26Nature serait un nom suffisant pour le centre dans un système de l’inversion. N’est-elle pas le nom le plus intérieur du renversement en son centre puisqu’elle y désigne l’effort de naître qui résume à soi seul tous les principes du renversement ? Dire nature, c’est désigner le fonds inconscient de toute opération de l’esprit qui s’est reconnue comme puissance de retournement. Dire nature, c’est désigner le centre obscur qui avale la valeur, lui fait subir un tournoiement sans fond et la sauve de toute fixation légale. La nature est la bonne nouvelle de la valeur : non plus seulement inversée, mais dévoilée à elle-même par l’entrée dans le royaume d’un esprit pourvoyeur de nature.

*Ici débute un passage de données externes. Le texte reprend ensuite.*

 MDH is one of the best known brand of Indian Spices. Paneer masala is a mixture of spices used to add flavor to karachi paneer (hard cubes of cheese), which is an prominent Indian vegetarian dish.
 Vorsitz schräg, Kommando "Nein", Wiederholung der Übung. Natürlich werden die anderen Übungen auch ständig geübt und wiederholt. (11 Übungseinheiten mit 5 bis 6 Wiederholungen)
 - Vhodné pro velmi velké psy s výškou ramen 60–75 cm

27Un Eros littéralement cosmogonique s’est emparé des forces d’inversion, qui ne sont pas des forces noires, mais des forces liantes, qui dépassent les oppositions d’une pensée arrêtée aux formes d’un anthropocentrisme qui n’a pas fait tourner l’homme sur lui-même. La philosophie ne peut s’arrêter à la casuistique des valeurs, et ne peut se contenter pareillement d’un horizon de monde qui n’a jamais la tête en bas. La philosophie, force de nature insigne, a le pouvoir d’effectuer des traversées si complètes des savoirs accumulés et de l’amphithéâtre des sciences mortes que c’est bien elle, plus encore que la poésie, qui dispose de la puissance de faire tourner les mondes. Le grand ordre des siècles touche bien à sa fin, mais il n’attend pas d’autre enfant que la puissance de la pensée en train de reconnaître la part de nature qui l’habite.

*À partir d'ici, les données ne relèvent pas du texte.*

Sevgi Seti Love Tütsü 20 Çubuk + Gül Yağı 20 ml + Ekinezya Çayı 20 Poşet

Jour et nuit, 1938, œuvre du graveur dessinateur hollandais, Maurits Cornelis Escher
Jour et nuit, 1938, œuvre du graveur dessinateur hollandais, Maurits Cornelis Escher
Rendons, en nous, la nature digne de son centre : par notre libération progressive, nous en libérerons la part de lumière. Elle se retournera dans notre œil pour être encore renversée dans notre image mentale qui, à son tour, subira les renversements du concept qui décide du mystère
28Interroger la possibilité d’une inversion qualifiante et pourtant non contradictoire, ce serait aussi demander à l’arbre renversé qui régit le temps du monde de stabiliser de nouveaux enracinements célestes pour un humanisme crédible. Ne roulons pas comme des tonneaux, c’est Rabelais qui parle, ne nous émerveillons pas de notre puissance de retournement tant que nous ne savons pas la contenir dans une forme réellement pensée. Il n’y a pas d’esprit sans déracinement, mais cela ne nous dispense pas d’être un arbre : arraché à la terre oui, incapable de se tenir debout pour croître dans l’éther du Père céleste, non. Le retournement doit nous rendre chevelu parmi les étoiles et non nous faire balayer la terre des possessions élémentaires.

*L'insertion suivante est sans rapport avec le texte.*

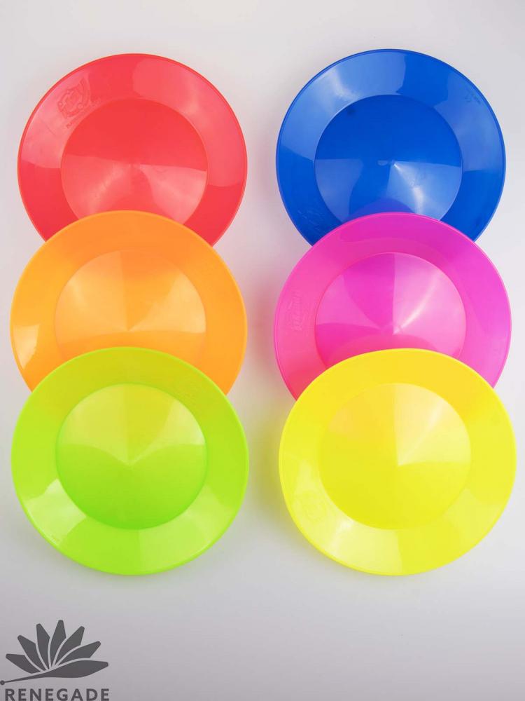 This is the largest model spinning plate with a diameter of 10 inches and a height of 1 5/8 inch. The plastic is hard about the same as the Renegade Plate. It has a weight of 105 grams, so this plate would also hurt of the students are throwing plates at each other. The larger size and weight makes the plate spinning longer and is just as easy to learn with. It does not hurt if you hit yourself while trying to learn the prop. This plate has the best visual look as it is bigger size. It can be purchased with a two piece wood stick, which is very nice but hard to clean compared to plastic sticks. The Hernys plate cost considerably more so it is better suited for a performance than teaching large classes.

29C’est pure Antiphysie, même pour un pantagruéliste, de fixer en terre le mouvement d’inversion alors qu’il s’agit, depuis le premier déracinement libérateur, de redresser un pouvoir qui fut d’abord courbé pour le seul service de la pesanteur. La tête dans la terre, c’est contre-nature, c’est pourquoi, pour être quitte avec la nature, il faut d’abord renverser les premiers renversements élémentaires selon lesquels la nature nous est livrée dans notre corps et notre âme. Rendons, en nous, la nature digne de son centre, par notre libération progressive nous en libérerons la part de lumière. Nous nous la représenterons, elle se retournera dans notre œil, pour être encore renversée dans notre image mentale qui, à son tour, subira les renversements du concept qui décide du mystère. La nature aimera ces renversements.